Abbott calls for investigation into Atmos' failure to prepare for cold weather event

Atmos Energy customers in North and Central Texas experienced outages of gas used to heat homes during the pre-Christmas cold spell last week, and now Gov. Greg Abbott has called for an investigation into that failure. 

In letters to the Office of the Attorney General and the Texas Railroad Commission, Abbott asked the agencies to look into the supply outage.

“Many customers of Atmos Energy in north and central Texas went without natural gas for an unacceptable time because of failures by Atmos to provide adequate residential and commercial gas service,” one letter reads.

“These failures forced the City of Grand Prairie to open a warming center for its residents. There were also widespread reports of customers unable to reach any Atmos Energy customer service representative. This is unacceptable. Atmos Energy, like all gas utility providers, has a duty to provide life-critical service to its customers.”

The RRC told CBS Austin last week that the issue was due to “low-pressure issues [in gas delivery pipelines] due to extremely high demand” in certain Atmos service areas.

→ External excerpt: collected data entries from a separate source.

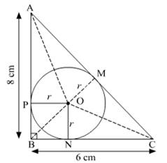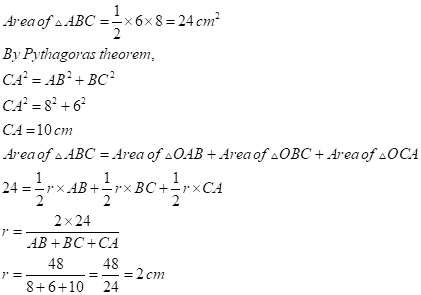 Let ABC be the right angled triangle such that angle B=90o, BC=6cm, AB= 8cm. Let O be the centre and r be the radius of the in circle.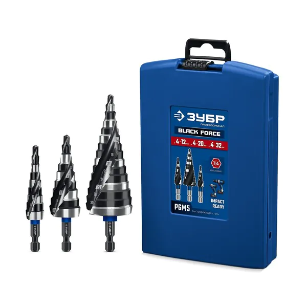 Набор сверл ступенчатых Зубр Профессионал BLACK FORCE 3шт, 4-32мм, винтовая проточка 29671-4-32-H3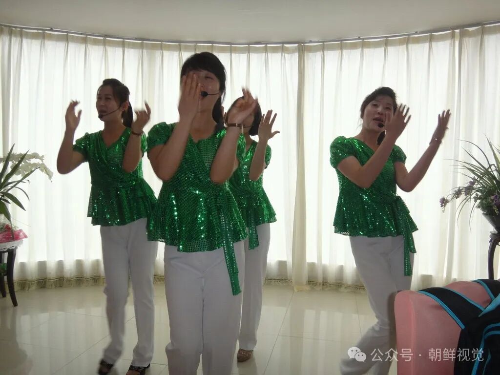林队长示意我在一旁等着,她上前和成员一番沟通后,彩排就开始了。表演主要以唱歌跳舞为主,配合乐器伴奏。以前到朝鲜餐厅吃饭时,经常能见到这样的歌舞表演,不过她们的水平比朝鲜餐厅歌舞水平高些,彩排持续了半个多小时,以朗诵《将军恩情还不完》结束。
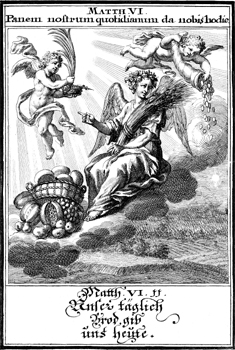 Description: An angel and two putti pour out food upon the earth as a rendering of the petition "Give us this day our daily bread" from the Lord's Prayer.

The company has more than two million customers throughout the state.

A spokesman with Atmos Energy told High Plains Pundit Wednesday evening, “We take seriously our responsibility to provide safe and reliable natural gas services as well as to be a trusted partner in the communities we serve. That responsibility includes undertaking operational planning and preparation to provide such safe and reliable service all throughout the year.”

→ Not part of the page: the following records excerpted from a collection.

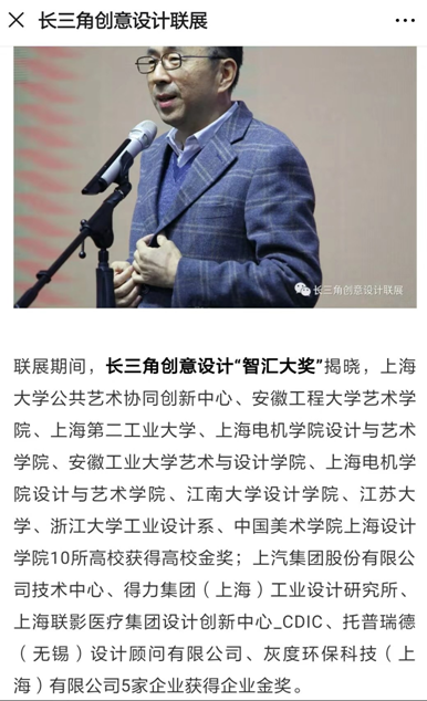本网讯 11月26日至28日首届长三角创意设计联展在上海智慧湾科创园举办,我校喜获高校展区金奖。艺术学院党委书记黄凯、院长陆峰围绕设计教育、产业与城市创新、长三角设计驱动产业论坛、长三角设计教育发展论坛等配套主题活动中进行了主旨演讲和专家访谈。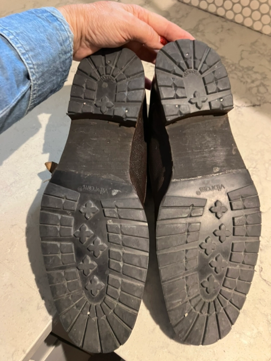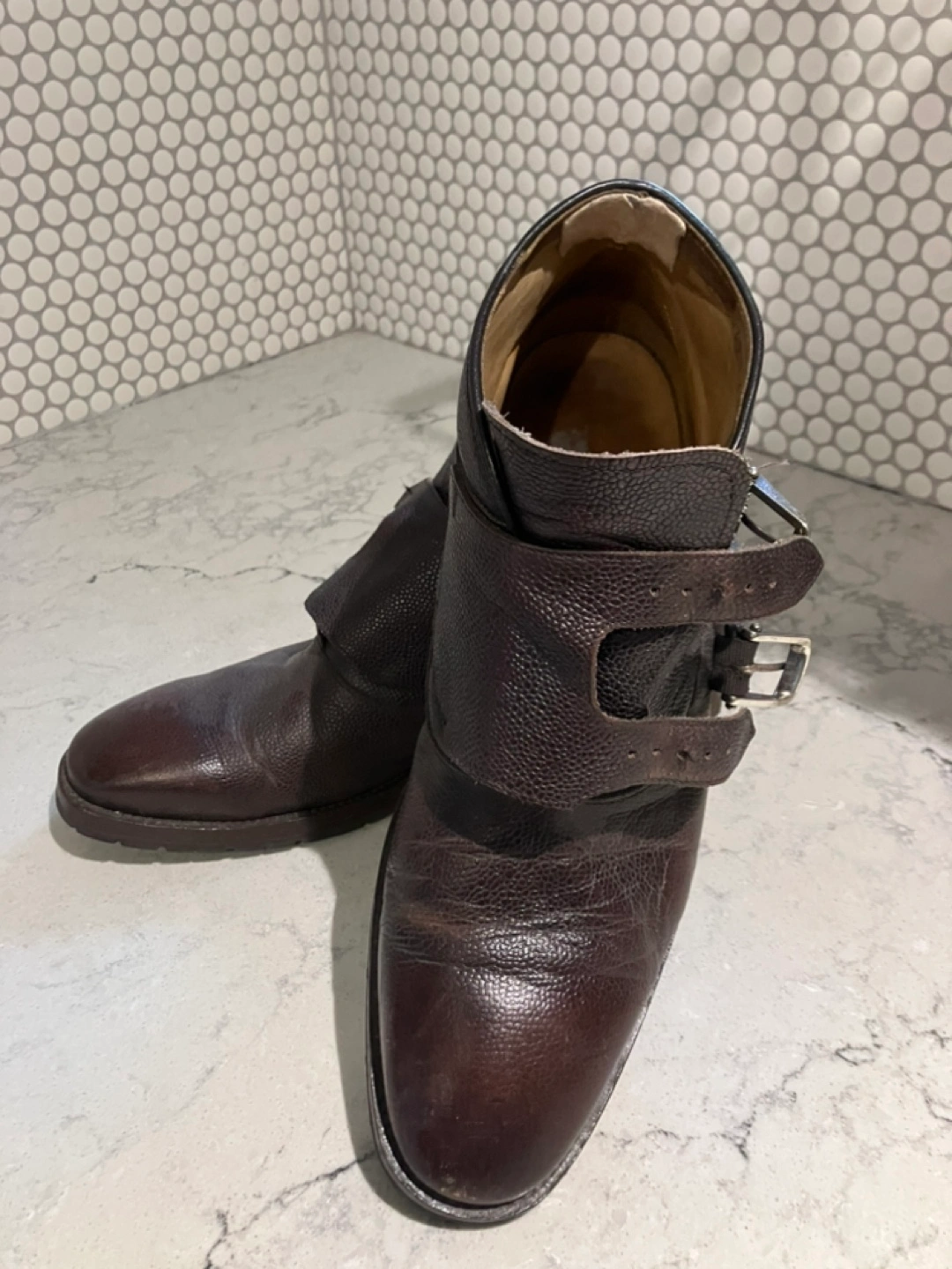 Pre-owned men's brown leather ankle boots. Double buckle closure. Shows some wear. Good condition.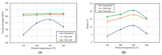 Figure 17a shows that the highest strength was achieved by a three-flat-sided pin profile with an initial temperature variation of 250 °C at 211.2 MPa, and the lowest strength was achieved by a cylindrical pin profile with an initial temperature variation of 150 °C at 131.8 MPa. This could have been caused by the concentration of stress creating defects in the weld joint. The cylindrical and two-flat-sided pin profiles without preheating and with preheating at 150 °C demonstrated tunnel defects, which resulted in low tensile strength, namely 128.3 MPa, 131.8 MPa, and 203.6 MPa. The three-flat-sided pin profile specimen demonstrated the highest test results compared to other specimens: 208.9 MPa, 210.1 MPa, 211.2 MPa, and 210.8 MPa.

“Despite those preparations, last week, we fell short for some of our customers who experienced interruptions in their natural gas service. That is not acceptable. And though we worked to restore service as quickly and safely as possible, we apologize for that service disruption.”

The spokesman added that Atmos is “committed to working with our regulators and key stakeholders to address those issues.” The company did not specify what caused the supply outage.

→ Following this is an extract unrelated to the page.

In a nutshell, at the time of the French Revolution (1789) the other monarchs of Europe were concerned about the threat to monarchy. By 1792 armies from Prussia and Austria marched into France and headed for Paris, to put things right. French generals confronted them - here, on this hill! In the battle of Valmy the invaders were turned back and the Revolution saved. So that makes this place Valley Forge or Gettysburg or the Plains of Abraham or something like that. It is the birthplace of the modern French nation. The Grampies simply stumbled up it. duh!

In his letter to the RRC, which regulates the state’s oil and gas industry, Abbott said, “Atmos’ conduct is unacceptable, and concrete action must be taken by the RRC to ensure it is not repeated the next time that winter weather engulfs our state.”

On Wednesday evening, the RRC announced it had already initiated an investigation into Atmos.

”Given RRC’s concern, on Tuesday, the Commission issued a request to Atmos Energy to provide a full account of the details of what occurred,” the commission release states. “Those include:

a detailed account of the number and location of customers whose service was negatively impacted and the duration of such impact

detailed explanations of the cause of low pressure or other issues negatively impacting natural gas service in each location

status and data of pipeline and system capacity to meet demand growth in the areas

Atmos’ plan to address the issues so that interruptions to natural gas service will not occur again in the future, with estimated costs and timeline to remedy the cause.”

The RRC reiterated its previous statement about the low pressure in its Wednesday release.

A cold snap ushered in low temperatures across Texas last week, causing electricity demand to surge — the Electric Reliability Council of Texas (ERCOT) grid peaked on December 23 at about 74,000 megawatts (MW). Throughout the event, natural gas generated the majority of the electricity at some points, between 70 percent and 80 percent of the total capacity. Both the Southwest Power Pool and the Midcontinent Independent System Operator, regional grids that contain small portions of Texas, ran into some weather-related consternation as well

Despite the grid stress — and media anxiety — the ERCOT grid did not dip into reserves, let alone issue emergency conditions.

Upwards of 70,000 people across the state faced power outages during the cold snap, but each of those were due to localized issues like downed power lines.

After the most difficult period concluded, ERCOT said on Christmas Eve, “Thank you to all who worked around the clock to keep the grid reliable during Winter Storm Elliott. We continue to closely monitor and expect sufficient generation to meet demand. If you have an outage, please contact your local provider.”